=== Section Start ===

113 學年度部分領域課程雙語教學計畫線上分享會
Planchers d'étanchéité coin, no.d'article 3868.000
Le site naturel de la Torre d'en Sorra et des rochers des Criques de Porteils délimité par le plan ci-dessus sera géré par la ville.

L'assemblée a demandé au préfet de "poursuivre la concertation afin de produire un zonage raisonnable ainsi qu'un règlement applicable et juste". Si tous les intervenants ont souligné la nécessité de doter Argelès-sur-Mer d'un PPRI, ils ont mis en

=== Section End ===
=== Section Start ===

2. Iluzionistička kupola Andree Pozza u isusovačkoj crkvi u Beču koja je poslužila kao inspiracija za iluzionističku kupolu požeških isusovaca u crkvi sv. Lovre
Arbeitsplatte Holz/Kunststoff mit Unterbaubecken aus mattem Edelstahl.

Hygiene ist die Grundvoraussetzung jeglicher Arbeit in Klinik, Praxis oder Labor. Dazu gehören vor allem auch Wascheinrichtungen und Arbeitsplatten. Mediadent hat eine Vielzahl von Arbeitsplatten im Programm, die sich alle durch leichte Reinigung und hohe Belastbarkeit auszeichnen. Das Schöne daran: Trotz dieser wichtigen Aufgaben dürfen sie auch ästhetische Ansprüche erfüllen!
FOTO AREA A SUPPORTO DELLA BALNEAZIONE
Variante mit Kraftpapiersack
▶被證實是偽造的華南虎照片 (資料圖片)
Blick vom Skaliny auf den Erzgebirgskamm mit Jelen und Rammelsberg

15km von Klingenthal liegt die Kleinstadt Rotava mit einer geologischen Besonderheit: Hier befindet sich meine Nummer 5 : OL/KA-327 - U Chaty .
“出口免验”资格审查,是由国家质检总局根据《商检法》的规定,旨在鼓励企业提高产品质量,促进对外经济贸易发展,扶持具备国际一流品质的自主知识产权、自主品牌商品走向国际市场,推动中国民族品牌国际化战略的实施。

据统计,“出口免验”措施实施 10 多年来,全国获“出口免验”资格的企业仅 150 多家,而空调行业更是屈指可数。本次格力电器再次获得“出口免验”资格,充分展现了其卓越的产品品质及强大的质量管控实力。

=== Section End ===

Exercise -> Determine how many lines above contain "出口免验" and respond with that number only.

Written solution -> 2